EXERCISE PROMPT | Nothing outside the range is to be copied. From the entries below, reproduce exactly the lines starting at the one with "浙江省台州市2024-2025学年下学期高三二模质量评估数学+答案" and ending at the one with "provide succor, seek", without pictures.

*-*-*

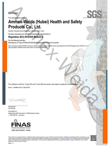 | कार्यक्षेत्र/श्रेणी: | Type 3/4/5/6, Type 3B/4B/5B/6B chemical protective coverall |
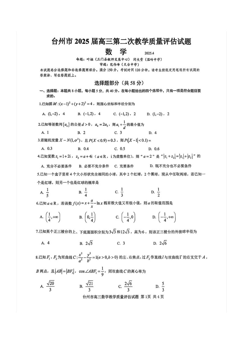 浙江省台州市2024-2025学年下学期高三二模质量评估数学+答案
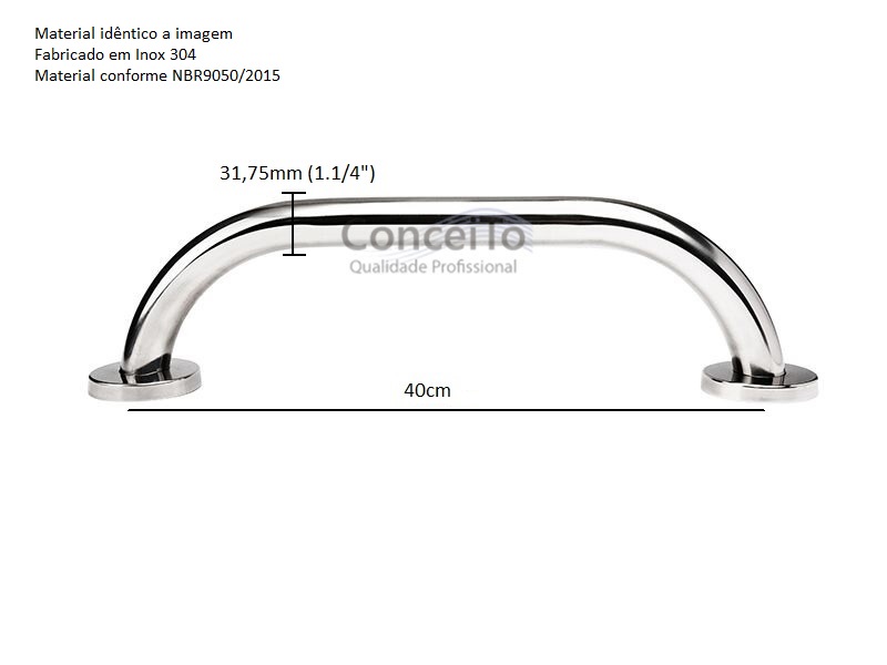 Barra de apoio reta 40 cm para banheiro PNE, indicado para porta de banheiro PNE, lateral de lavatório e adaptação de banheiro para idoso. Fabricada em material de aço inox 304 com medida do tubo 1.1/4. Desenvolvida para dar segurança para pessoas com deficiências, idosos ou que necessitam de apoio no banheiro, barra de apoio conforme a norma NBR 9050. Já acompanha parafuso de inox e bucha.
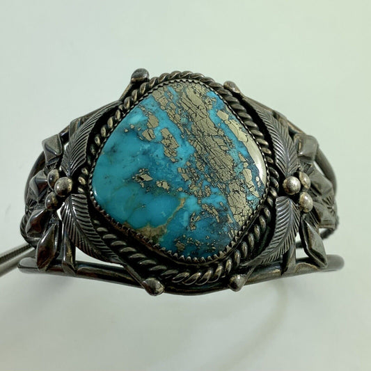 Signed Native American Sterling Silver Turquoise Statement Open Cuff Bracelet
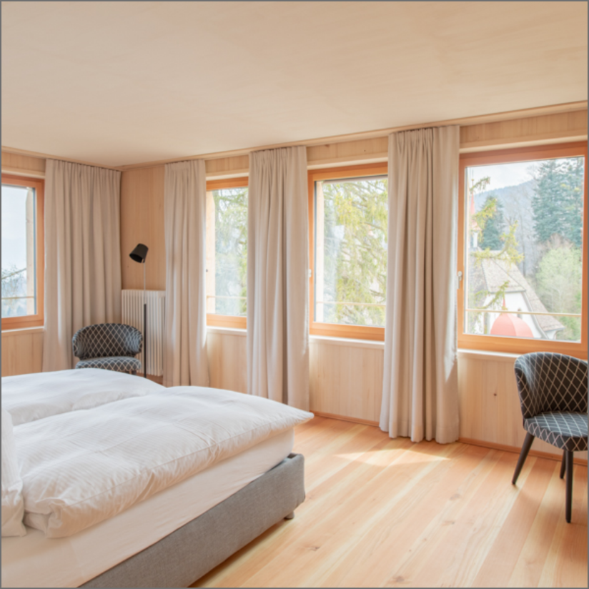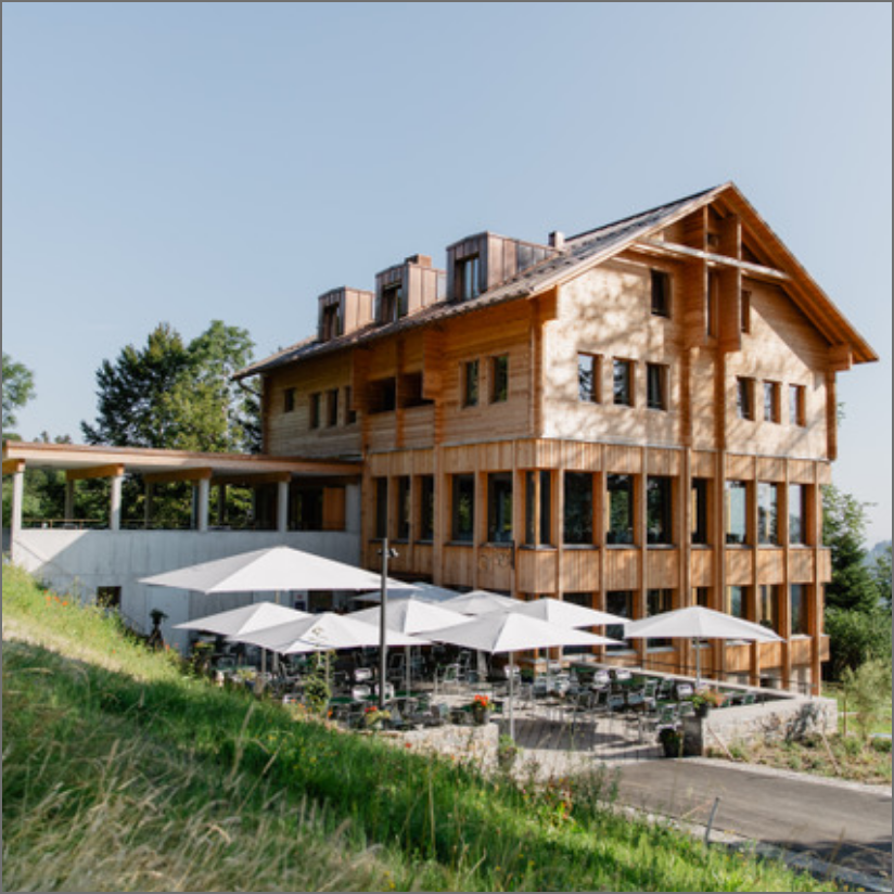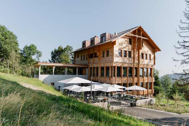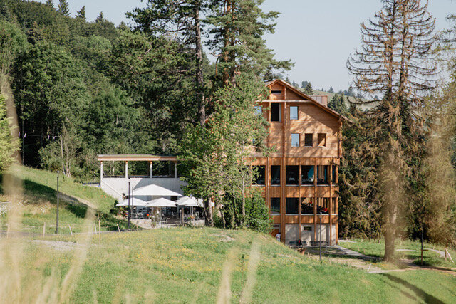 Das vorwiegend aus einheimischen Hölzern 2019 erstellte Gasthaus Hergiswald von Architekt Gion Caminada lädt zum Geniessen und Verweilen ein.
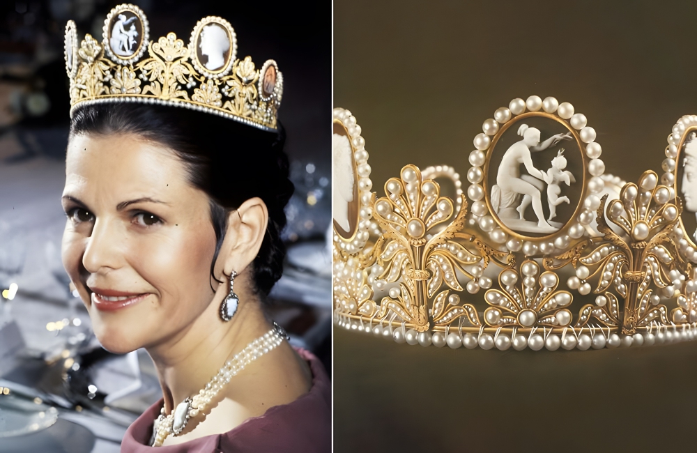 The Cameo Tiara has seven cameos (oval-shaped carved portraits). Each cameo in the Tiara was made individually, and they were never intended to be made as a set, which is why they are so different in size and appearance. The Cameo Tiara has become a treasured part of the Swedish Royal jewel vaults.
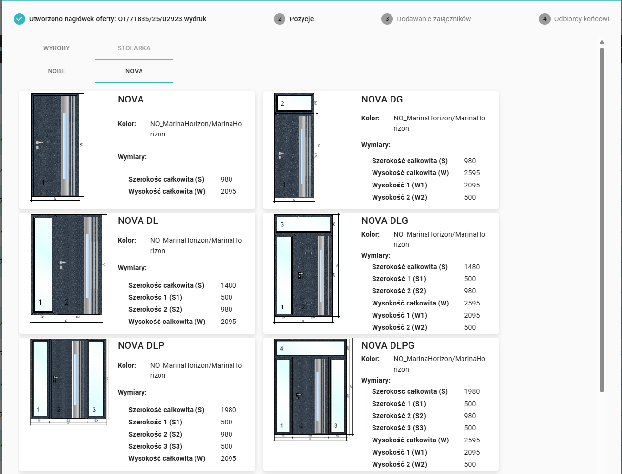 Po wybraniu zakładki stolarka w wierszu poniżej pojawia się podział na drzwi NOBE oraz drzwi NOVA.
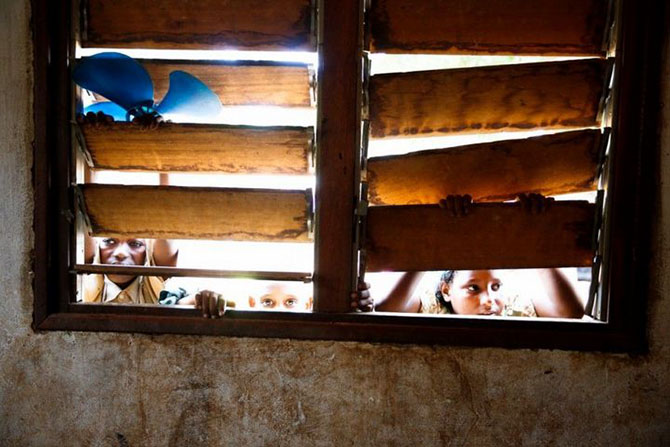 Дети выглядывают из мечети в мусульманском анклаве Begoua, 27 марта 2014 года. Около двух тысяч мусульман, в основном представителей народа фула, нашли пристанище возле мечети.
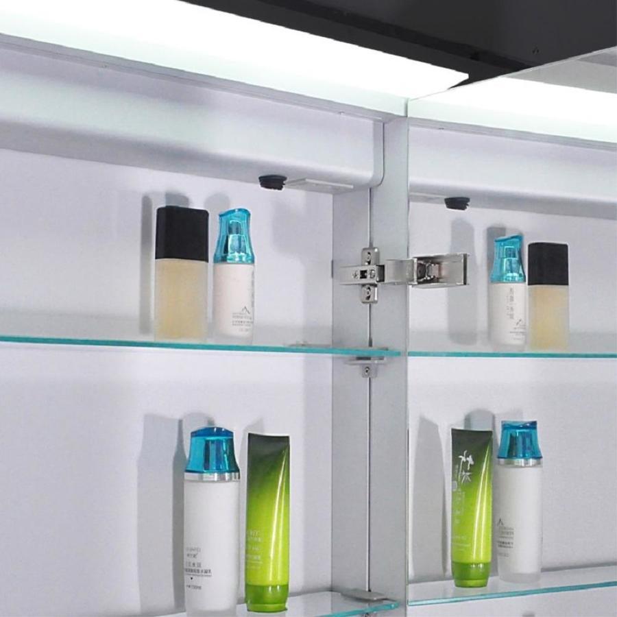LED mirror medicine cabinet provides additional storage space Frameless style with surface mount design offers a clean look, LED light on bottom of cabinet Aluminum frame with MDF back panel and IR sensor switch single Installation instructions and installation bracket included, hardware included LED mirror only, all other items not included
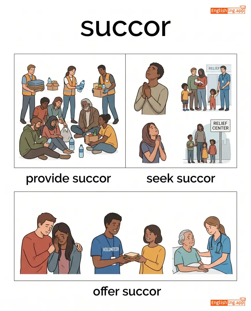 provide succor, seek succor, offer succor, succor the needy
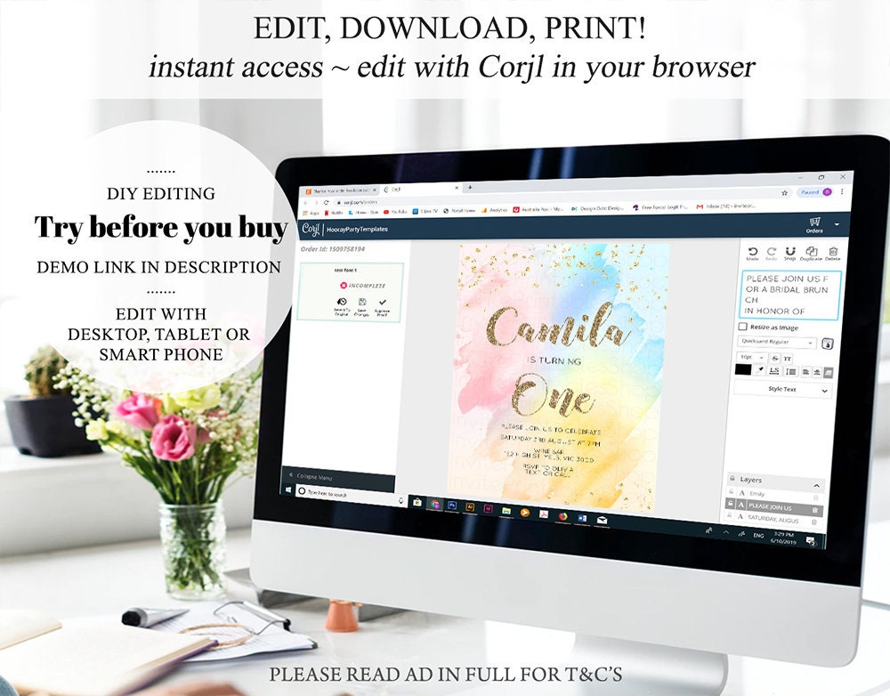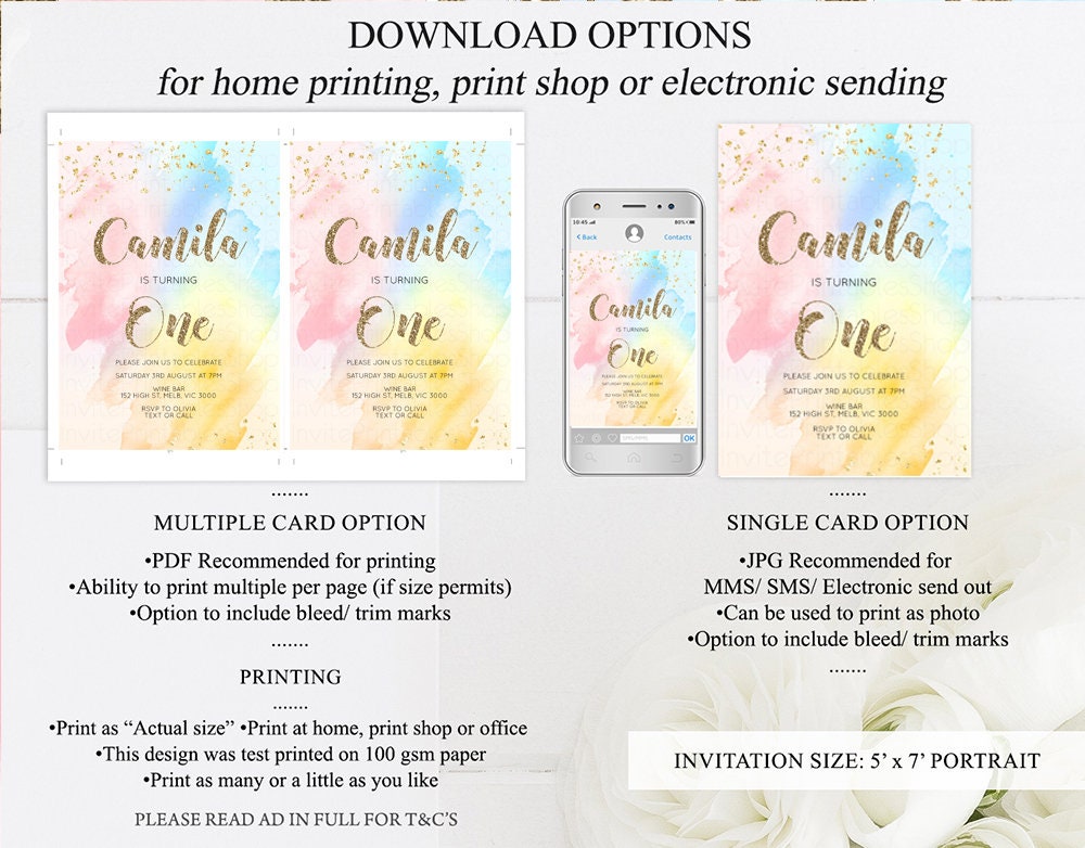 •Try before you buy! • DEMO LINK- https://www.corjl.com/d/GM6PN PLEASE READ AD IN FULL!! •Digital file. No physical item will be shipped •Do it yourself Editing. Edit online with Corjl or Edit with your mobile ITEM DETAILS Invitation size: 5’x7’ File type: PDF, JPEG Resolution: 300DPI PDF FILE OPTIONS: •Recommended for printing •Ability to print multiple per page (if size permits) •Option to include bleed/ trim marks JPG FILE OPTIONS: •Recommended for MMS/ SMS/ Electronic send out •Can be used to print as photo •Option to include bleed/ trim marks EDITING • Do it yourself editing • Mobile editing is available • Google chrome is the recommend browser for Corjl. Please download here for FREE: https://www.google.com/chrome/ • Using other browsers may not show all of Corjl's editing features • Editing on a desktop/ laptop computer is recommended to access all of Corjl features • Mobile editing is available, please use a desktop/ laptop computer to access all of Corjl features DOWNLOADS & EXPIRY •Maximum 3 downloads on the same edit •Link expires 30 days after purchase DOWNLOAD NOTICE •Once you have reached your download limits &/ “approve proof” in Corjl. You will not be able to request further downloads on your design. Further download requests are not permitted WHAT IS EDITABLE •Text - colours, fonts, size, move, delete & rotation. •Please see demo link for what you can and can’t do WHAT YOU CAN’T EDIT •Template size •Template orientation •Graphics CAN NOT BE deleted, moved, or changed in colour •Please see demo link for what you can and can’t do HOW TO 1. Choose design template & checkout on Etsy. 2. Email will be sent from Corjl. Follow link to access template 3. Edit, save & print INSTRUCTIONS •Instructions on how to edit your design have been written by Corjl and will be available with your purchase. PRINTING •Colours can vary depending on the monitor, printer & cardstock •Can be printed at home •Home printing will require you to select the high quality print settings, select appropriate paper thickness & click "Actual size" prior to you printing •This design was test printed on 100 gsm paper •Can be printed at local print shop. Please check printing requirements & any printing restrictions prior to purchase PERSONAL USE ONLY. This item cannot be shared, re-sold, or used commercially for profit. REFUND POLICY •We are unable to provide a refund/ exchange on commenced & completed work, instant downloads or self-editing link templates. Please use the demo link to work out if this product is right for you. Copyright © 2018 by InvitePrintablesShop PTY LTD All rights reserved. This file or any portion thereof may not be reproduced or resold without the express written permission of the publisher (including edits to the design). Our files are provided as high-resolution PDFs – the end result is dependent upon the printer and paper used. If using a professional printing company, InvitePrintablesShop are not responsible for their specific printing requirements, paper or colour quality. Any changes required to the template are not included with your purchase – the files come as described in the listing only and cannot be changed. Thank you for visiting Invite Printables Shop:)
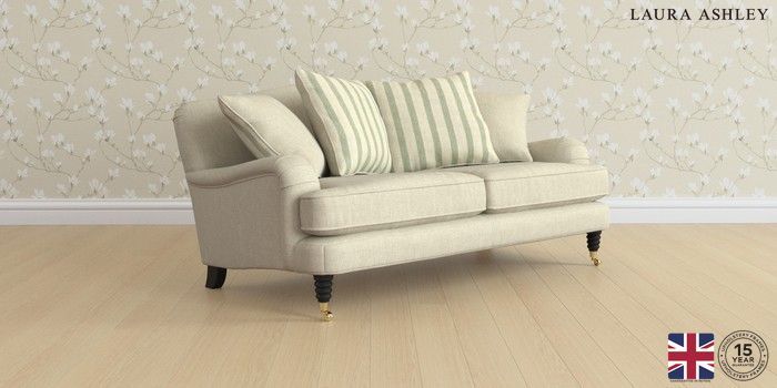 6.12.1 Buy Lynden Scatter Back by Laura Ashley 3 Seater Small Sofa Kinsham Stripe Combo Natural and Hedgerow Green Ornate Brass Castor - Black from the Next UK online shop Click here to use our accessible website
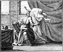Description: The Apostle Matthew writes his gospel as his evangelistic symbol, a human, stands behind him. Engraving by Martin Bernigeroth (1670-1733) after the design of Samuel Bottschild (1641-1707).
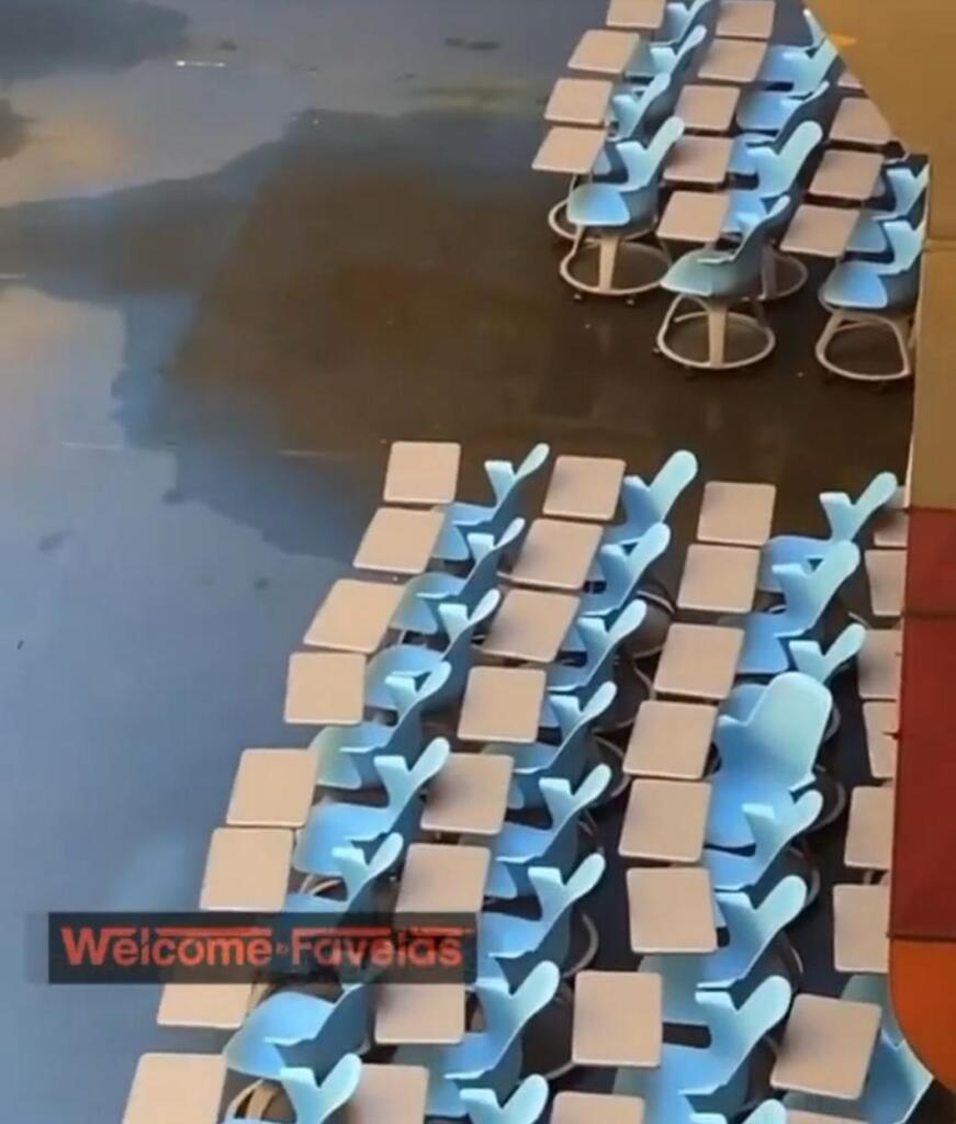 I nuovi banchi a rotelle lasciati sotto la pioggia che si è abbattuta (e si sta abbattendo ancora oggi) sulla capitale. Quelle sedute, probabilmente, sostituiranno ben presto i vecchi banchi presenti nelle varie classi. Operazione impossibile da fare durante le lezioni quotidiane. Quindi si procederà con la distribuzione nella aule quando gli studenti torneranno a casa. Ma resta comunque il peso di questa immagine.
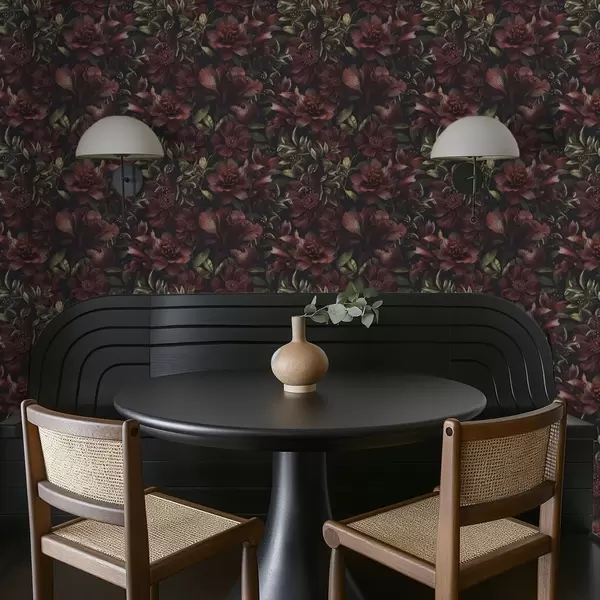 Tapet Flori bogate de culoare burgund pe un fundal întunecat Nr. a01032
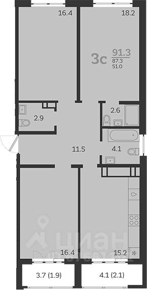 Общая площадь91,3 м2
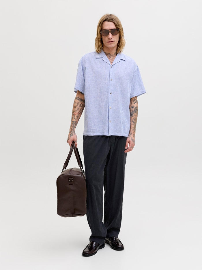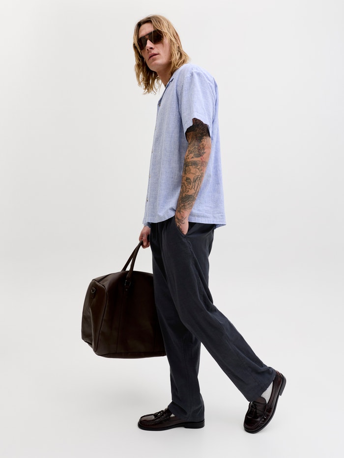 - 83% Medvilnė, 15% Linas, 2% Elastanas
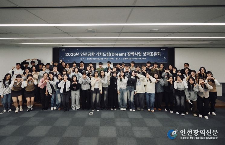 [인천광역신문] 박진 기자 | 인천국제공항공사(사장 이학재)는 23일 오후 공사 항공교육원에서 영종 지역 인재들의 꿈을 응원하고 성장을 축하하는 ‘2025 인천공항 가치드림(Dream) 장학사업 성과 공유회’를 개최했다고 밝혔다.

*-*-*

ANSWER BOX |
 浙江省台州市2024-2025学年下学期高三二模质量评估数学+答案
 Barra de apoio reta 40 cm para banheiro PNE, indicado para porta de banheiro PNE, lateral de lavatório e adaptação de banheiro para idoso. Fabricada em material de aço inox 304 com medida do tubo 1.1/4. Desenvolvida para dar segurança para pessoas com deficiências, idosos ou que necessitam de apoio no banheiro, barra de apoio conforme a norma NBR 9050. Já acompanha parafuso de inox e bucha.
 Signed Native American Sterling Silver Turquoise Statement Open Cuff Bracelet
 Das vorwiegend aus einheimischen Hölzern 2019 erstellte Gasthaus Hergiswald von Architekt Gion Caminada lädt zum Geniessen und Verweilen ein.
 The Cameo Tiara has seven cameos (oval-shaped carved portraits). Each cameo in the Tiara was made individually, and they were never intended to be made as a set, which is why they are so different in size and appearance. The Cameo Tiara has become a treasured part of the Swedish Royal jewel vaults.
 Po wybraniu zakładki stolarka w wierszu poniżej pojawia się podział na drzwi NOBE oraz drzwi NOVA.
 Дети выглядывают из мечети в мусульманском анклаве Begoua, 27 марта 2014 года. Около двух тысяч мусульман, в основном представителей народа фула, нашли пристанище возле мечети.
LED mirror medicine cabinet provides additional storage space Frameless style with surface mount design offers a clean look, LED light on bottom of cabinet Aluminum frame with MDF back panel and IR sensor switch single Installation instructions and installation bracket included, hardware included LED mirror only, all other items not included
 provide succor, seek succor, offer succor, succor the needy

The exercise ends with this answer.